Иван взобрался на скрученный из палок, мха, ивовых прутьев дром, не спеша, выбирая самые лучшие ветки, наломал большую охапку пахучей, кидающей в хмель апрелицы и тем же берегом, по песчаной бровке, вернулся к месту, (где раздевался.
Не успел надеть гимнастерку, как к обрыву подошла Лена.
— Ваня! А я тебе вот постирала. — И протянула чистые портянки.

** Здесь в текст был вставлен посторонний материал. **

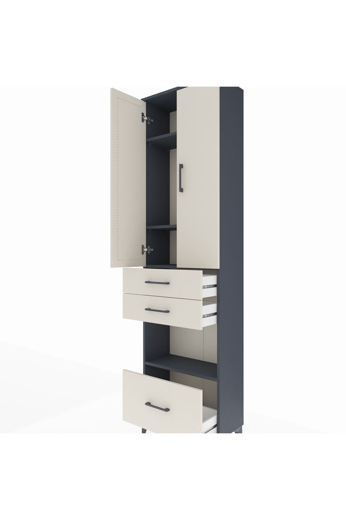 Arges Dolap 4 Raflı 3 Çekmeceli 2 Kapaklı 60x30x221 Antrasit-Aytaşı
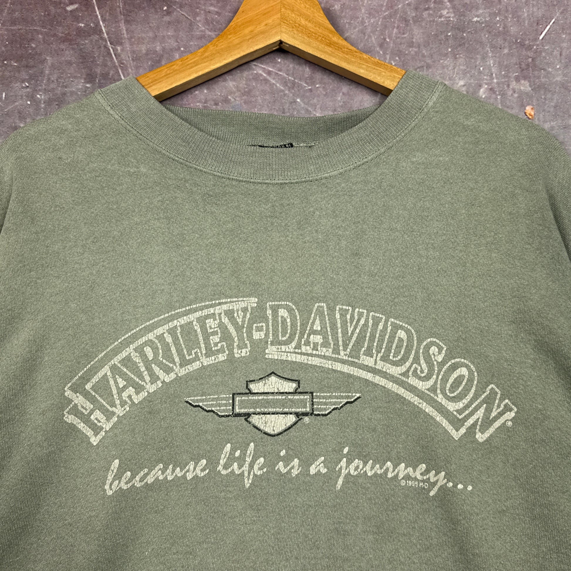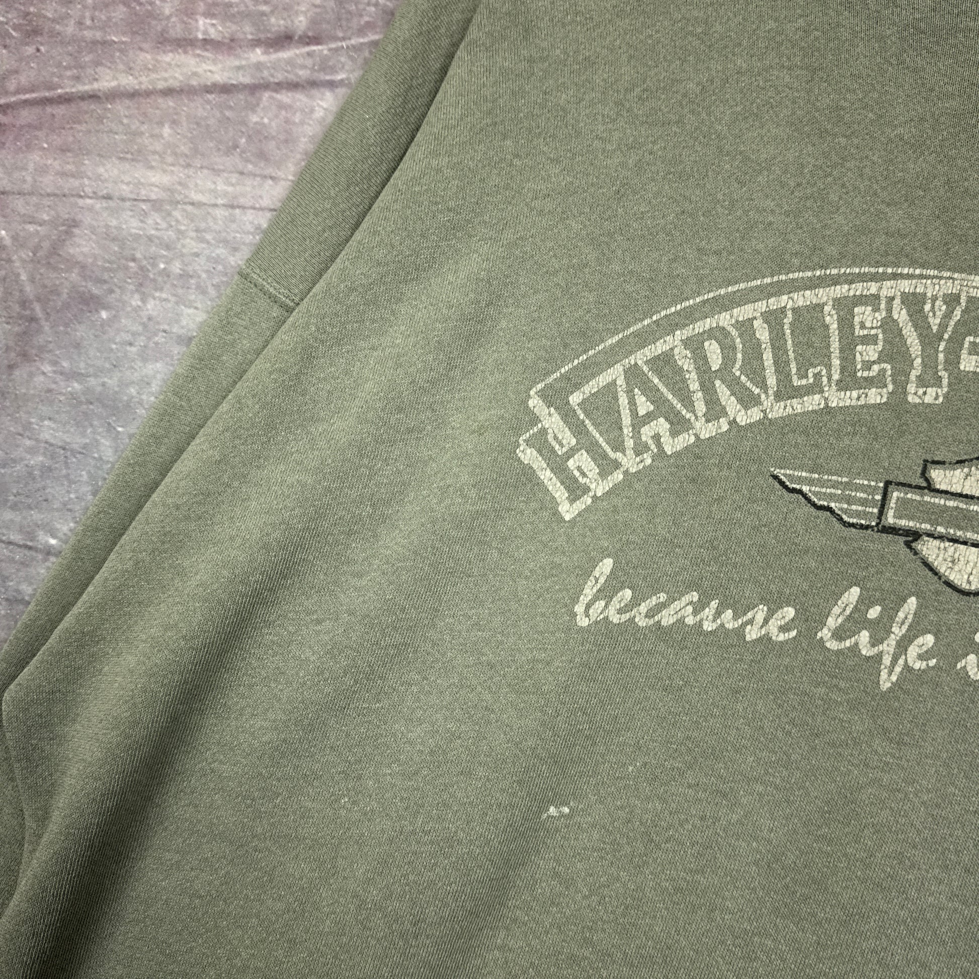 90s Olive Green Harley Davidson Sweatshirt 3089

— Вот спасибо. Я сам хотел. А ты… опередила.
— Давай и рубашку. А?
— Нет, нет, — поспешил застегнуть пуговицы гимнастерки Иван. — Не стоит. Ну ее. Лишь бы до вагона, а там мне новую дадут. Ты вот возьми-ка. Первый, но не последний. — И протянул черемуху.
— Ой, куда же столько?
— Бери, бери. В Лутошах ее нету. Подружкам раздашь.
— А я не пойду в Лутоши.
— Как?
— Тебя провожу.
Иван развел руками:
— Вот те и раз. Шли, шли. Пятнадцать верст отмерили и вдруг назад. Нет уж. Иди-ка, Ленок. А мне пора. Проводил бы до дому. Так охота в Лутошах побыть! Да время… Не успел бы никак. Так что ступай. Я тебя до той горушки провожу.
— Нет, — качнула головой Лена. — Не пойду.
— Ну что с тобой поделать, — развел руками Иван. — Ох, и упрямая ж ты!
И мерили они вдвоем пройденные километры. Он с вещевым мешком. Она с букетом. И почти всю дорогу держались за руку, чтоб никогда не расстаться.
…Эшелон им ждать долго не пришлось. Шли поезда с короткими интервалами, как и прежде, останавливаясь на водозабор в Рязани.
Плахин сбегал к начальнику эшелона своей дивизии и скоро вернулся довольный, но грустный.
— Вот я и еду, Ленок, — сказал он, подойдя. — Как быстро пролетели сутки. Точно сон какой. Но я рад. Очень рад, что увидел тебя. А ты?
Девушка опустила глаза.
— Не надо об этом. Ты все знаешь, Ваня.
— Да, это верно. К чему слова…
Паровоз дал протяжный, рвущий сердце гудок. Грохотом пронесся рывок по вагонам. Скрипнули колеса…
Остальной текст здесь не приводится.